I found this among my notes from 2013, and think it’s a fun little tool for analog productivity – the portable Kanban board!

It’s a foldable personal Kanban board, suitable as an Every Day Carry in either A3 or A4 size (or US Letter or whatever).

  1. Fold the sheet of paper along the long axis,
  2. fold it again at the short axis,
  3. done!

This produces four quadrants and the folded size is ideal to stuff it into a backpack, book, or maybe even your pants. Thus, it’s convenient to transport to university, school, or work.

Use very small Post-Its for your tasks. These are your cards that move around between the Kanban ‘columns’ (which are actually not columns, but quadrants here).

Label the quadrants like this:

┌────────┬────────┐
│Backlog │ Done   │
│        │        │
├────────┼────────┤
│Ready   │ W.I.P. │
│        │        │
└────────┴────────┘

Cards move from Backlog to Ready to Work in Progress (W.I.P.) to Done.

My board’s design is shaped like a “U”. Why not a “Z”?

This layout makes the most important day-to-day action flow from “Ready” to “Work in Progress” visibly easy to track. They are right next to each other.

It offers a clear view of what needs doing and what is currently underway.

Users can focus on the lower half of the sheet, potentially even folding away the top half, during a day at work or studying at the library.

The “Backlog,” serving as a midterm storage of things that will come up, and the “Done” quadrant, which displays completed tasks, fade into the background in daily use. You don’t need to see “Done” all day every day, but it’s important during review; and you don’t need to see the “Backlog” all day every day because you take tasks from “Ready”.

So the two important quadrants are in focus, that’s cool I think.

Application to University Students

We’ve used this Kanban back in 2013 during work and with a couple of mentees (‘clients’) at University as a tool to get organized. The playful and physical nature helped a few of them. Others prefered digital solutions or something else entirely, of course.

If you’re a University student and need to write 2 papers and prepare for 3 tests – first, remember there’s only so much you can do in a day. Your throughput is limited, and your “Work in Progress” quadrant should reflect this.

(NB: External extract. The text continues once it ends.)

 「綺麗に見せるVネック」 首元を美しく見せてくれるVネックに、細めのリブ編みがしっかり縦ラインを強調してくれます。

Mark each of your 5 projects total somehow to focus on something. Examples to differentiate between projects:

  • Use different colors of Post-It,
  • put short marks into the card’s corners to show which is which.
  • Or draw a squiggly, serrated, dotted, dashed, … border around cards.
  • Or use different colored pencils.

Either way, you need a way to know which card is about what so you can decide what to do now, what ought to move from “Ready” to “W.I.P.” next as you complete a task.

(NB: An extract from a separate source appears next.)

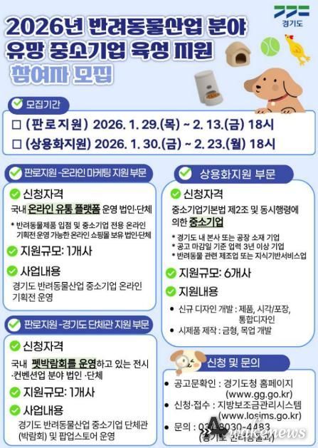 어웨이크뉴스 오경하 기자 | 경기도가 ‘반려동물산업 분야 유망 중소기업 육성 지원사업’ 참여 보조사업자를 모집한다.

You could also carry 5 different foldable boards with you!

A problem I see with separating things into 5 boards is that your personal throughput doesn’t scale like that. You don’t really have a “W.I.P.” in 5 places, you just have 1 thing you can really do at a time, and maybe about 3 tasks that you can consider doing next.

Why more than 1? – Because when you go to the library to research for a paper, you can continue research for the next paper while you’re there, or borrow a book for an upcoming test. You can time-box “library research” in your calendar and fill the available time with relevant tasks from different projects that apply to this particular context.


I’m personally a supporter for analog productivity systems. I love their haptic nature. Moving real cards in real space!

But to be frank, I always, always return to digital, and did so 10 years ago when we tried this foldable board, and also 15 years ago when I got my first Mac and OmniFocus. I like the infinite virtual space of digital, too.

Be as it may, a personal overview system to not get lost in the complexity of one’s life can take many forms, and this is a particularly playful form in my opinion.